Bad as the investment advice of Kenneth Lay looks now, the former Enron CEO may have felt legally constrained from actually telling Enron 401(k) participants that the company’s share price was about to plummet.
According to some experts, even if Lay knew that the Houston-based company was in bad financial shape, he might have run afoul of insider-trading rules if he told plan participants — and not outside investors — about the troubles at the company. Indeed, no matter how much Lay might have wanted to warn plan members, he would have had “to treat his employees as he would treat any shareholder,” says Richard Drake, co-portfolio fund manager of ABN AMRO/Chicago Capital Growth Fund, which manages 401(k)s. Says Drake: “[He could] only tell them what he told the rest of world.” And it’s doubtful Lay or Enron management wanted to tell Wall Street about the company’s off-balance-sheet liabilities.
Hence, the former Enron CEO might have been caught between a rock and hard place: Don’t tell employees about Enron’s financial woes, and he breaches his fiduciary duty under the Employee Retirement Income Security Act (ERISA); tell employees alone, and he violates securities law.
As you recall, Lay reportedly told employees via E-mail last August that everything was just fine with the company’s stock. That was just a week or so after Enron vice president Sherron Watkins allegedly sent a letter to Lay questioning the company’s accounting practices. In that letter, Watkins said other employees were also expressing concern over the company’s bookkeeping maneuverings.
The day after Watkins’ claims to have sent the letter, Lay reportedly exercised options of 25,000 shares for a total value of $519,500. Did the chief executive cash out because he knew the company was on the verge of implosion? Lay’s lawyer says no, pointing out that the sale was used to repay a line of credit — and thus implied nothing bad or good about Enron.
If Lay did in fact know that Enron was in serious trouble, and he still boosted the company’s stock to employees, he could be prosecuted for having breached his fiduciary duties under ERISA. In such a case, Watkins’ memo “could be a smoking gun,” notes Linda Shore, a benefits attorney in Washington and adjunct law professor at Georgetown.

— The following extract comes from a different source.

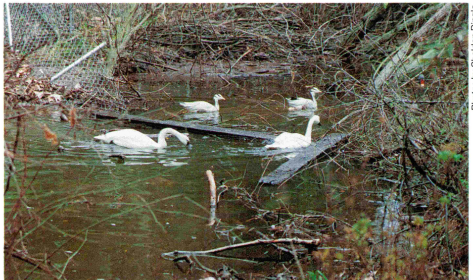
In this remote corner of a huge pond, the Whooping Swans and Bar-headed Geese feel right at home.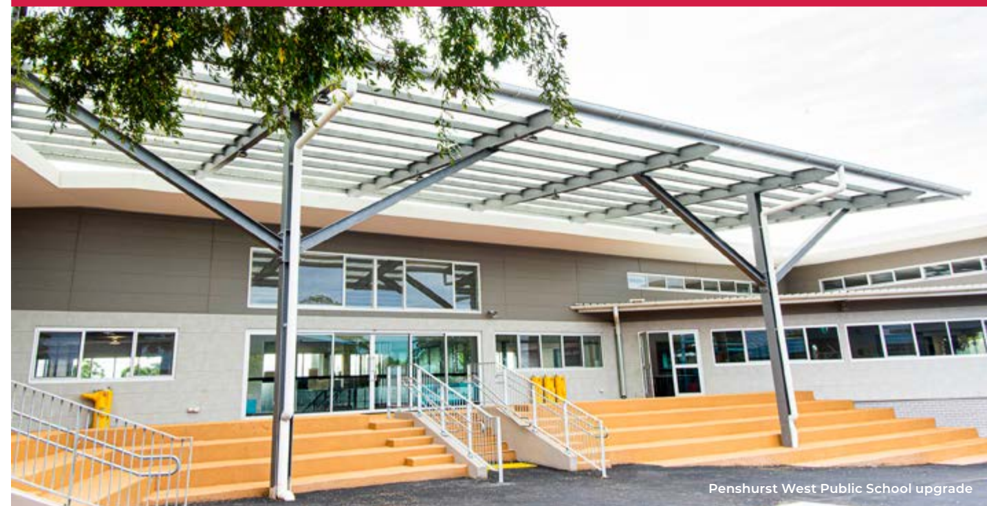
Penshurst West Public School upgrade

Shore says Lay’s upbeat electronic message to plan members might prove that the CEO breached a fiduciary obligation by knowingly giving inaccurate advice to 401(k) plan participants. At the end of 2000, Enron stock accounted for 62 percent of the total assets in the energy company’s 401(k) plan.

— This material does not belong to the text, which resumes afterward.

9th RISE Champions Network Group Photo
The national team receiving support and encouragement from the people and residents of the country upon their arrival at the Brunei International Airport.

To be sure, ERISA doesn’t compel company executives to provide advice to 401(k) participants. Still, fiduciaries of the plan had “an ongoing obligation to provide updated information” about the plan’s investments, says Shore, who represents employers for Silverstein and Mullens, a division of Buchanan Ingersoll. And if a plan fiduciary does give out information, it’s got to be truthful, the attorney says.
That of course, raises the question: was the Enron CEO acting as CEO or plan fiduciary when he spoke to employees in August? “The question of when a company official is wearing his ‘fiduciary’ hat or his ‘employer’ hat is one that frequently gives courts difficulty,” conceded Susan Stabile, a St. John’s University law professor, in testimony before the Senate Committee on Governmental Affairs earlier this month.
A 1996 Supreme Court decision, Varity v. Howe, sheds some light on exactly when an employer may be considered a fiduciary. If an executive makes comments about a company’s prospects during discussions about that company’s benefit plans — and workers regard that executive as both employer and plan administrator — the comments “may be viewed as statements made by a fiduciary,” asserted Stabile.
Stabile told lawmakers that Lay’s ERISA liability depends on the nature of the Enron employee meetings and the content and purpose of the E-mails and other written materials sent to employees. She believes, however, that there is at least a question whether a fiduciary misrepresentation was made to plan participants. If such misrepresentations were made, “employees have a claim under ERISA to restore their losses,” she told the Senate committee.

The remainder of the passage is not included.